Data and Model Dependencies of Membership Inference Attack (2002.06856v5)

Abstract: Machine learning (ML) models have been shown to be vulnerable to Membership Inference Attacks (MIA), which infer the membership of a given data point in the target dataset by observing the prediction output of the ML model. While the key factors for the success of MIA have not yet been fully understood, existing defense mechanisms such as using L2 regularization \cite{10shokri2017membership} and dropout layers \cite{salem2018ml} take only the model's overfitting property into consideration. In this paper, we provide an empirical analysis of the impact of both the data and ML model properties on the vulnerability of ML techniques to MIA. Our results reveal the relationship between MIA accuracy and properties of the dataset and training model in use.

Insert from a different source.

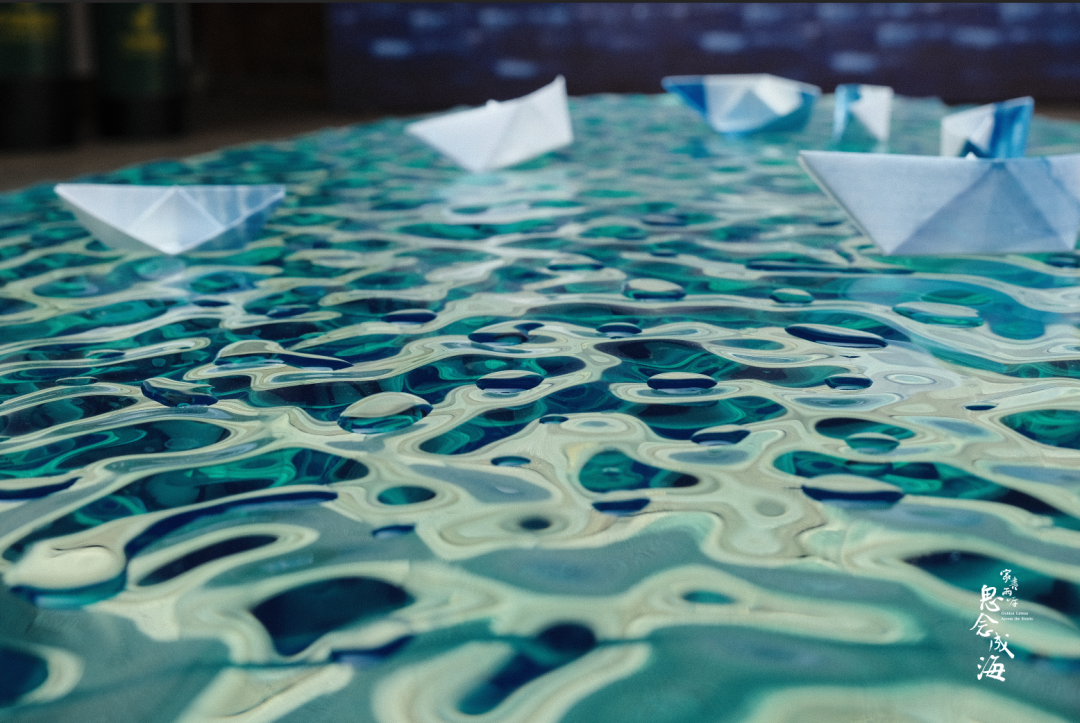 福建,山海相連,自古便與海洋結下不解之緣,福建的海洋故事跨越千年,從未間斷。福建海洋文化外向、開拓、包容、和平、進取,扎根中華文明的沃土,不斷吸收外來文明精華,從而形成海陸互動的大格局。本次展覽整體設計圍繞“思念成海”的概念,突出福建“海洋文化”元素。場館中,家書信紙飄落匯成海洋,一滴眼淚凝成海峽對岸的臺灣島,以“海平面”為時間軸串聯起兩岸歷史等設計,既突出了兩岸同根同源、血脈相親,又通過海的深邃感、包容感充分展現福建海洋文化的悠久歷史和豐富內涵,以及閩人與海洋相融共生的智慧和勇氣。

In particular, we show that the size of shadow dataset, the class and feature balance and the entropy of the target dataset, the configurations and fairness of the training model are the most influential factors. Based on those experimental findings, we conclude that along with model overfitting, multiple properties jointly contribute to MIA success instead of any single property. Building on our experimental findings, we propose using those data and model properties as regularizers to protect ML models against MIA. Our results show that the proposed defense mechanisms can reduce the MIA accuracy by up to 25\% without sacrificing the ML model prediction utility.